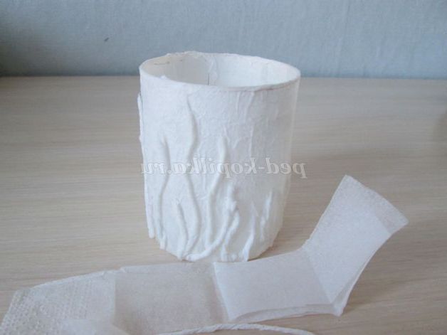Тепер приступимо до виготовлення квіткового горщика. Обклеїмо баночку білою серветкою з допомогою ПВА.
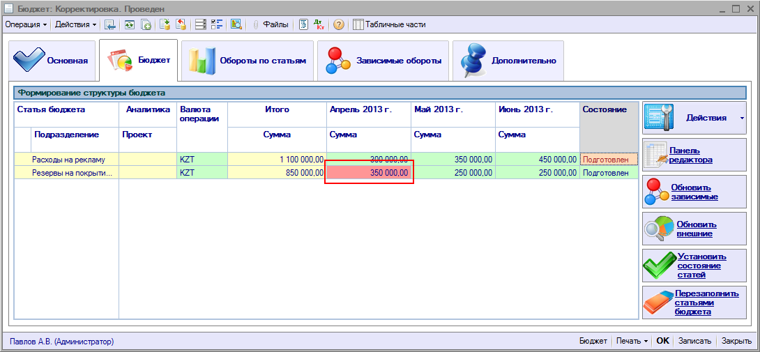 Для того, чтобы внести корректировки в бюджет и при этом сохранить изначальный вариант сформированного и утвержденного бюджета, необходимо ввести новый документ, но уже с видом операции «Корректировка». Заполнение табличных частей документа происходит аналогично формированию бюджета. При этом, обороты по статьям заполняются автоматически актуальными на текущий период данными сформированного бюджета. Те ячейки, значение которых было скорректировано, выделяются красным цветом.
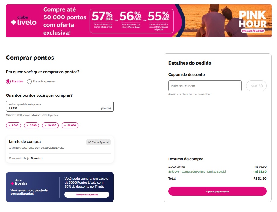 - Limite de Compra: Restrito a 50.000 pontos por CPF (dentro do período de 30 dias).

::::

Your goal ->
Exactly as written, restate the listing above with its pictures omitted.

Response below ->
Тепер приступимо до виготовлення квіткового горщика. Обклеїмо баночку білою серветкою з допомогою ПВА.
 Для того, чтобы внести корректировки в бюджет и при этом сохранить изначальный вариант сформированного и утвержденного бюджета, необходимо ввести новый документ, но уже с видом операции «Корректировка». Заполнение табличных частей документа происходит аналогично формированию бюджета. При этом, обороты по статьям заполняются автоматически актуальными на текущий период данными сформированного бюджета. Те ячейки, значение которых было скорректировано, выделяются красным цветом.
 - Limite de Compra: Restrito a 50.000 pontos por CPF (dentro do período de 30 dias).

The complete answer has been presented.